Roo makes me think of people. Why does she does with others and advises others things she would not accept for herself? She kept saying that Mary had to break from her mother in order to grow up and become a woman on her own, but she let her family enslave her and her sisters in order to be on call 24/7 for the whims of an irrational mother, an extremely selfish and immature brother and a chovinistic father. She insisted that Laura shouldn't be left alone when her grandmother died, and yet she requested to be left alone when her father died. She talked down the LKY kids for being so sickly involved in animé and don't seeking a life outside it, being so unable to talk about anything but yaoi and animé, and currently her only topic of conversation is yaoi and animé series.

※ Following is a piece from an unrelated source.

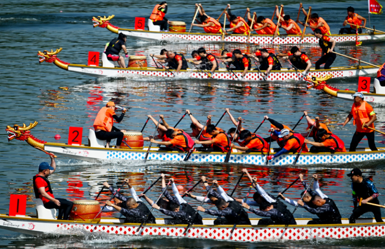 头一回,龙舟与皮划艇同湖竞渡
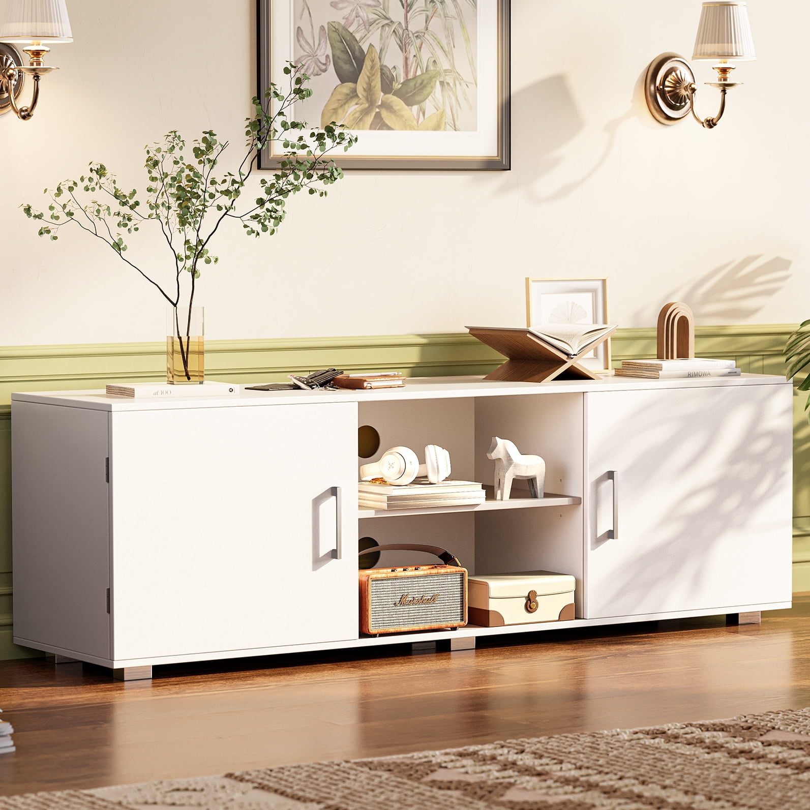 SUPERJARE White TV Stand for 55″ TV, Modern Entertainment Center, TV Console Media Cabinet with Storage and Cable Holes for Living Room Bedroom

So what's this all about? Because one thing is to evolve, move on, change your mind, and something entirely different not to be consequent. I mean, sure, I happen to say I won't do this and do it anyway, like when I've got mad to a friend of mine and I was dead set on not talking to him again, and yet I did and we are as good friends as we used to... hey happens. But one thing is to bitch about a friend and then come to terms, and completely another is to swear to your ideal and convictions and then going against them.
Interestingly, one of the most consistent people I've known from the old group, is Carrie. She evolves and she's multi-topic, so you can sit down with her and talk about a wide array of things that go from yaoi to Supernatural, 80's music, gossip, work, news... maybe only telecommunications are out of her reach, but then again, pretty much all I.T. is out of mine.
From time to time it happens that you remember out of the blue something you used to like and find out that you still like it. Well, this time happened to me with carrots and celery. On Friday Carrie, Kate and I went to Bill's and there the snack plate had a small portion of celery and carrot sticks. It was suddenly like waking up to an old, forgotten dream. Carrie looked at Kate and I odd, as we chewed and swallowed one by one the sticks.
"Is that any good?" she asked us.
Well, we passed the chicken, the fish, the pork, the meat, the fried yuca and the french fries, I'd say it was pretty obvious. So yesterday I went to seek these two delicious vegetables. Celery wasn't so hard to find, but carrots were an odysey. At the end I ended up buying some less-than-perfect carrots, because I really, really wanted them, but couldn't shake off the horror of seeing so many crappy vegetables, and then the outrageous prices big supermarkets dare to charge for them. Maybe the quality will be better in the market, even though the idea of rats pissing on the vegetables doesn't make them any more tasty.
Every Saturday there's a marketplace set up on a street. People go there rolling little wire carts, pulling around their "market bags" and roll around in a sea of people, from seller to seller in makeshift stands displaying fish, shrimp, chicken, yuca, ňampí, camote, potatoes, tomatoes, chayotes, oranges, lemons, apples, pineapples, cas, blackberries, strawberries, jocotes, mamones, grenadines, guavas, water melons, cantaloupes... you name it. It's one of those things that sort of stay with the culture, one of those old things, traditions that haven't been eaten up by globalization and transnational corporations that sell overprices stale carrots and crappy vegetables. Might get around there next Saturday, if I wake up on time, see if at least there is left some decent freshness around there.